DATA TO PROCESS:
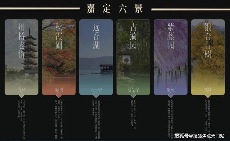 建筑们围合出的中心花园中,州桥老街、秋霞圃、远香湖、古猗园、紫藤园、银杏古树等嘉定6景被南山地产提炼、转译,形成了具有在地文化特色的6大景观主题空间。
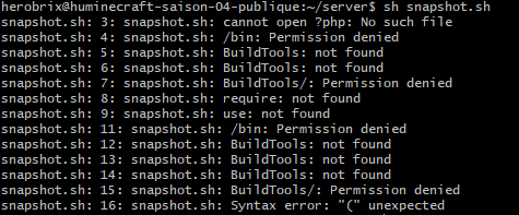 De base le script je lui avais donné pour extension .php soit "snapshot.php". J'ai donc essayé de lui donner l'extension .sh et cette fois j'ai une autre erreur :
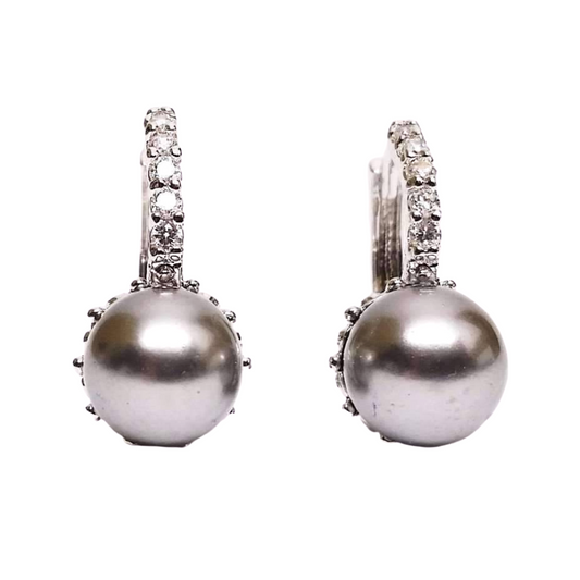 14K Gold Plated Black Pearl Bead Solitaire Cz Hoops Earrings for Woman
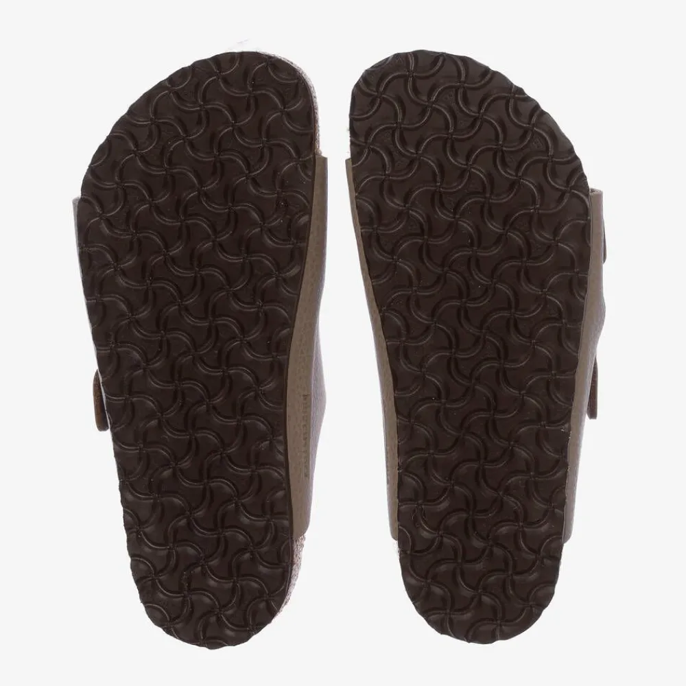 Taupe brown sandals for boys and girls by Birkenstock. In the brand's stylish Arizona silhouette, these narrow-fit shoes have adjustable buckle-fastening straps across the foot for a secure fit. They are lined in soft textile for comfort and have a fluffy, natural shearling wool insole that is both cosy and breathable. The contoured natural cork midsole promotes good walking posture with a non-slip, ridged rubber outer sole providing good grip. For that classic Birkenstock look, an embossed logo can be seen on one side.
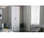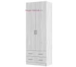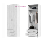 Недорогой шкаф с выдвижными ящиками светлого цвета. Внутри шкафа штанга для одежды на плечиках и полка. Благодаря компактным размерам и вместимости, шкаф подойдет как для небольшой прихожей, так и для комнаты.
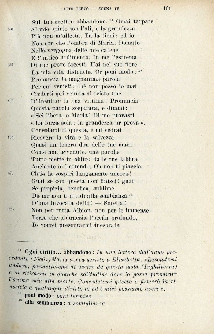 ' Ogni diritto... abbandono: In una lettera dell'anno precedente (1086)) Maria aveva .scritto a Elisabetta: (.(Lasciatemi andare, 'permettetemi di uscire da questa isola (Inghilterra) e di ritirarmi in qualche solitudine dove io possa preparare l'anima ¦mia alla morte. Concedetemi questo e firmerò la rinunzia a qualunque diritto io od i miei possiamo avere », poni modo: poni termine. alla sembianza: a somiglianza.
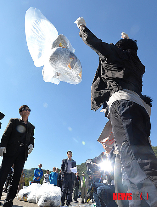 【파주=뉴시스】 박문호 기자 = 2007년 10·4 남북정상회담 6주년인 4일 오전 경기 파주 탄현면 통일동산 주차장에서 자유북한운동연합(대표 박상학) 회원과 실향민들이 이산가족 상봉 행사를 촉구하는 대북전단과 1달러짜리 지폐 1천 장, 북한인권 동영상, 한국의 발전상을 담은 소책자를 대형 풍선에 달아 날리고 있다. 2013.10.04.
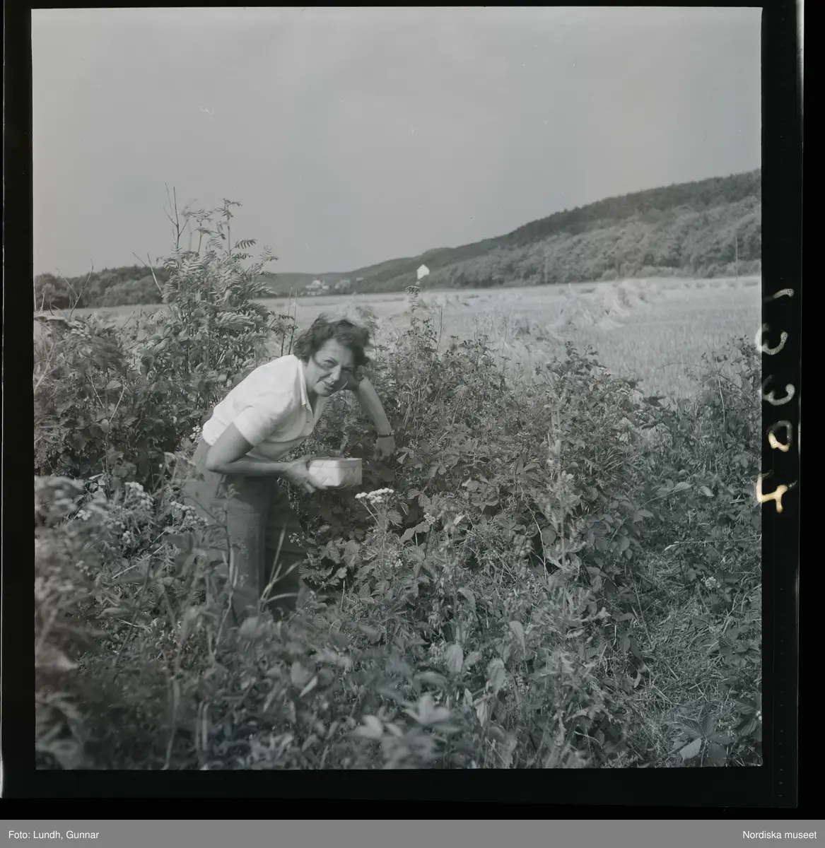 En kvinna plockar vildhallon i en liten spånflätad korg.
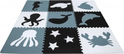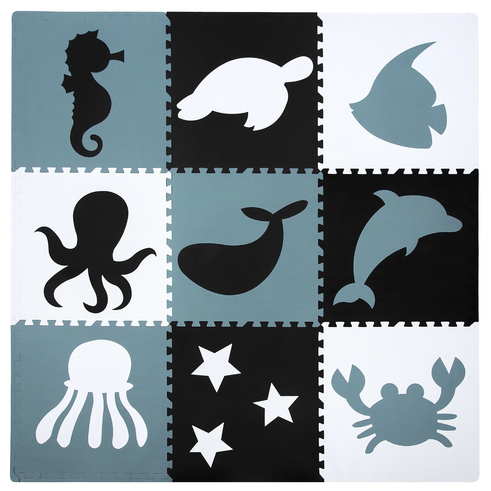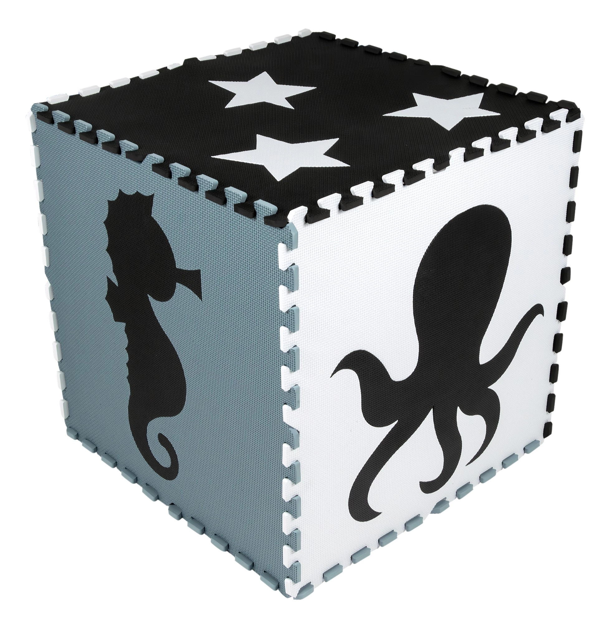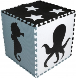 Des couleurs neutres et apaisantes ne distraient pas les enfants pendant le jeu et s’intègrent facilement à tout intérieur – chambre d’enfant, salle de jeux ou maternelle. Les éléments centraux amovibles avec formes (hippocampe, tortue, poisson, méduse, baleine, pieuvre, dauphin, étoiles et crabe) favorisent le développement de la motricité et l’apprentissage des animaux. Les éléments peuvent être étendus (au sein du même modèle) et assemblés en cube ou autres formes 3D.
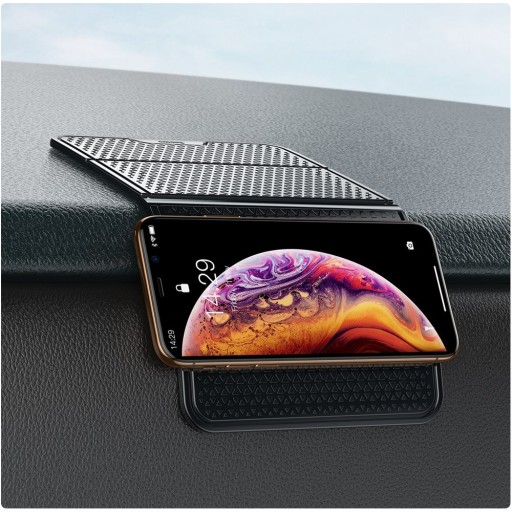 Elastyczna mata jest wykonana z miękkiego tworzywa sztucznego, a jej powierzchnię wykończono specjalną fakturą. Dzięki materiałowi i strukturze, doskonale przylega do gładkich powierzchni. Jeśli umieścisz ją na desce rozdzielczej, będzie idealnym uchwytem na zegarek, kabel czy ładowarkę samochodową.
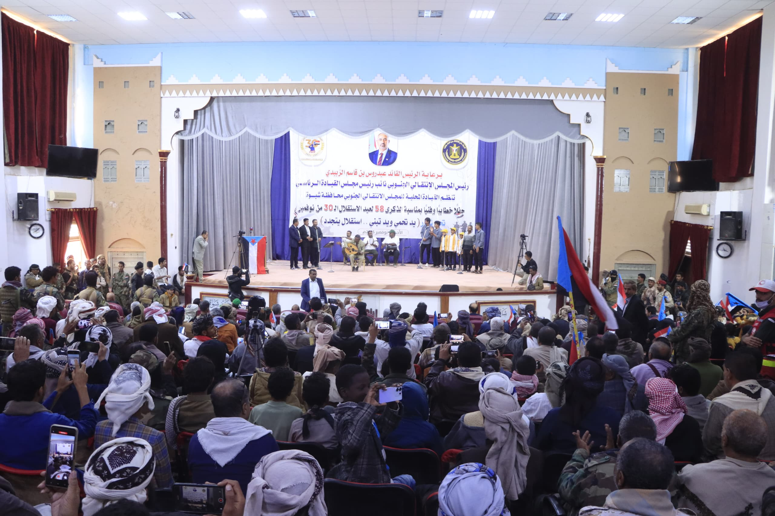 نظمت القيادة المحلية للمجلس الانتقالي الجنوبي بمحافظة شبوة، اليوم الأحد، حفلاً خطابياً وفنياً بمناسبة الذكرى الثامنة والخمسين لعيد الاستقلال 30 نوفمبر، تحت شعار: "يد تحمي ويد تبني.. استقلال يتجدد".
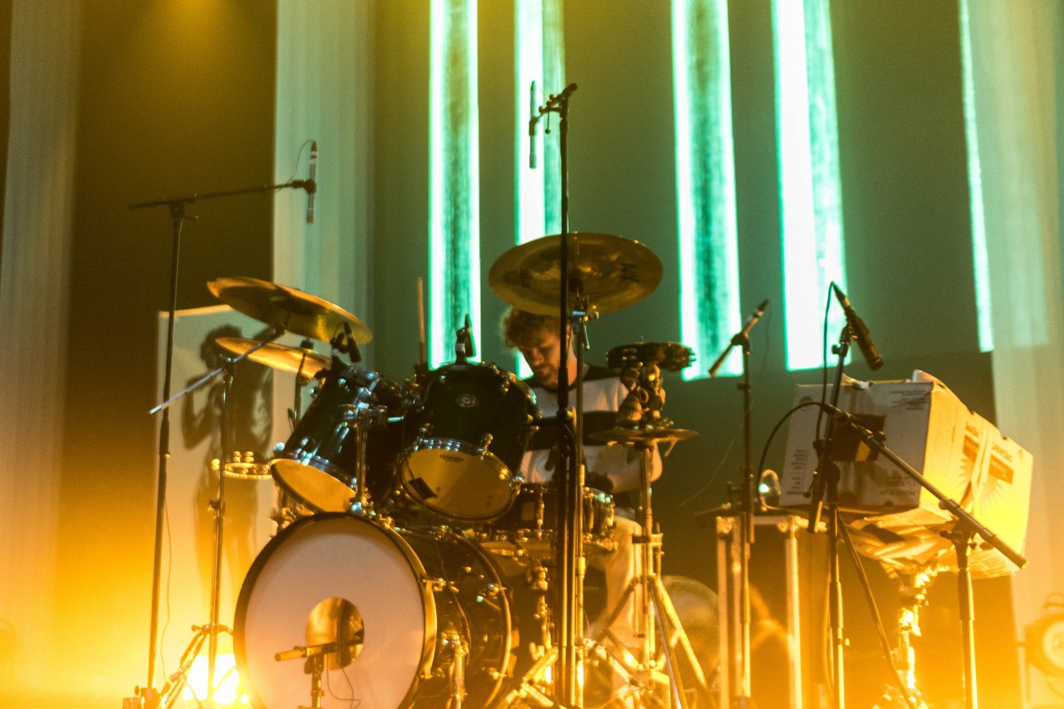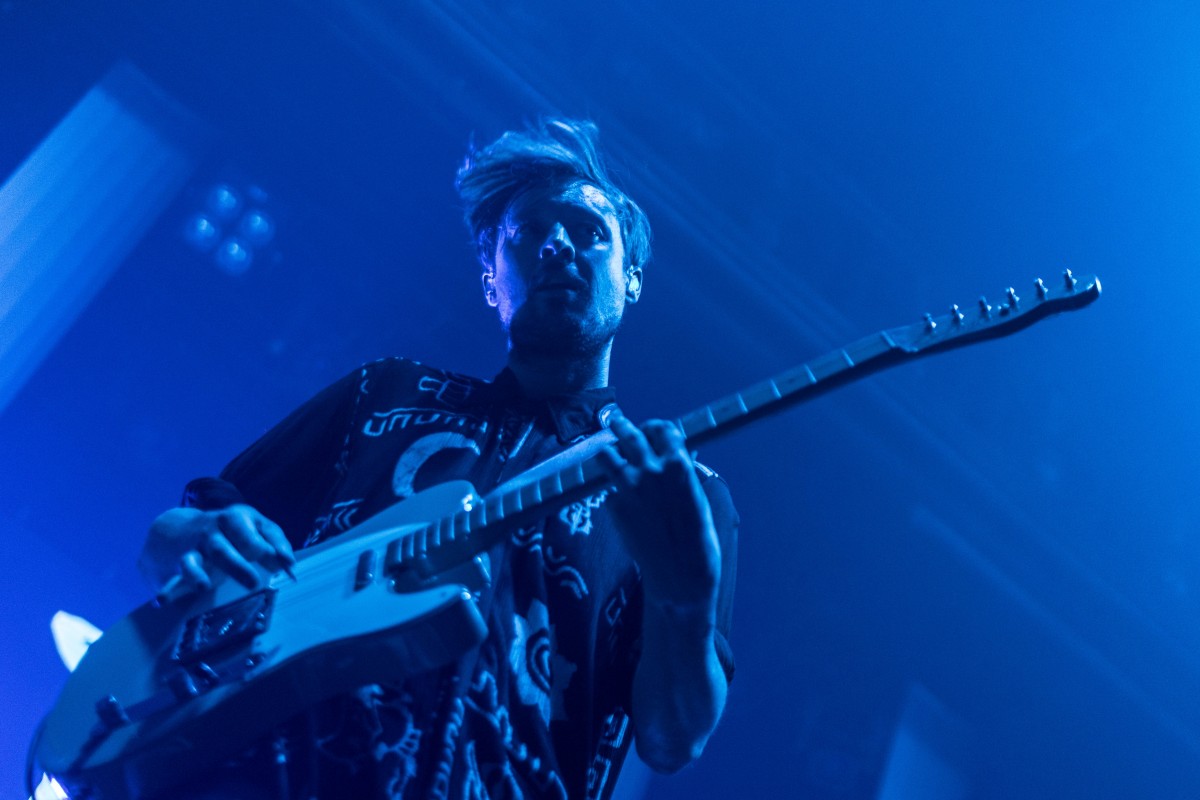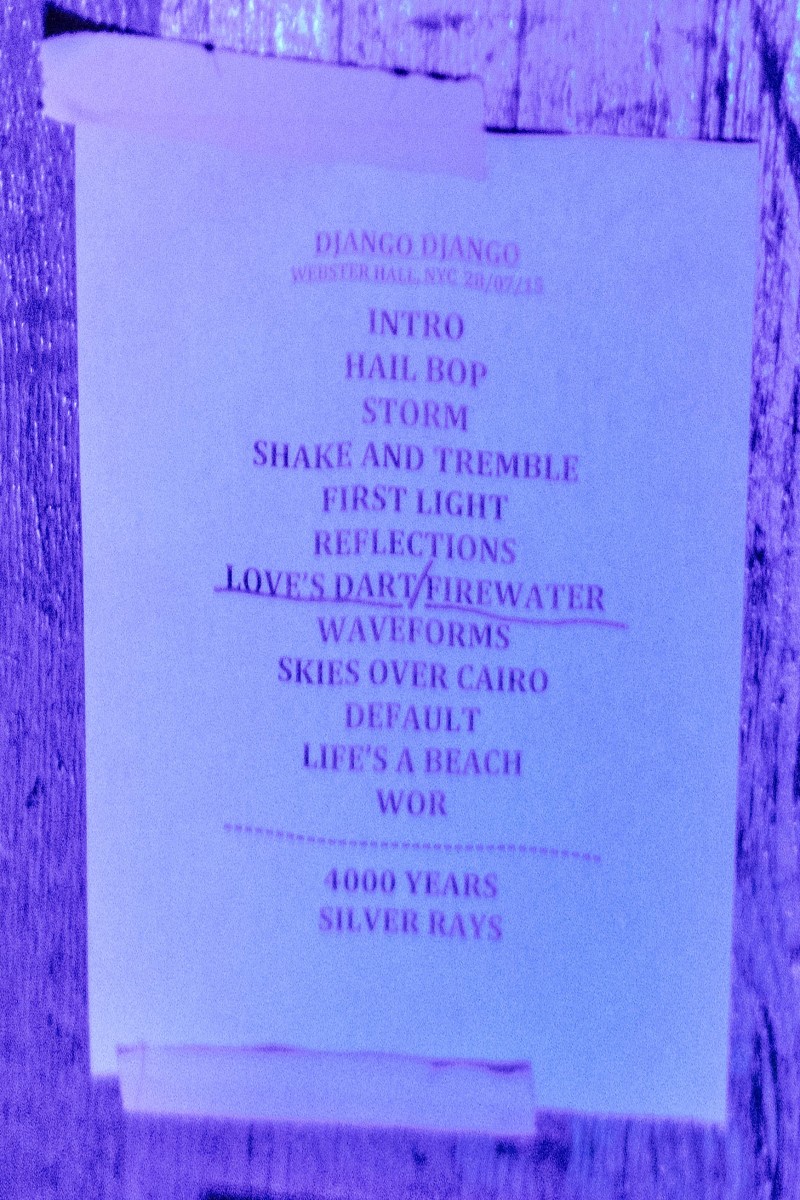 The band’s still four, plus occasional sax, for the upped-ante live show. It now features visuals, a strong use of lights (making photography quite challenging,) and a booming bass, though that may just be Webster Hall’s sound system. With Django Django’s wild surf sounds, dancing on the venue’s trademark bendy floors cause “Waveforms” to become a literal thing. I’m always afraid they’re gonna give under me when I’m cutting a rug there though.

YOUR GOAL: Give back an exact repeat of the lines from the top of the data through the line that holds "Taupe brown sandals", both included, and omit pictures.

TASK RESULT:
 建筑们围合出的中心花园中,州桥老街、秋霞圃、远香湖、古猗园、紫藤园、银杏古树等嘉定6景被南山地产提炼、转译,形成了具有在地文化特色的6大景观主题空间。
 De base le script je lui avais donné pour extension .php soit "snapshot.php". J'ai donc essayé de lui donner l'extension .sh et cette fois j'ai une autre erreur :
 14K Gold Plated Black Pearl Bead Solitaire Cz Hoops Earrings for Woman
 Taupe brown sandals for boys and girls by Birkenstock. In the brand's stylish Arizona silhouette, these narrow-fit shoes have adjustable buckle-fastening straps across the foot for a secure fit. They are lined in soft textile for comfort and have a fluffy, natural shearling wool insole that is both cosy and breathable. The contoured natural cork midsole promotes good walking posture with a non-slip, ridged rubber outer sole providing good grip. For that classic Birkenstock look, an embossed logo can be seen on one side.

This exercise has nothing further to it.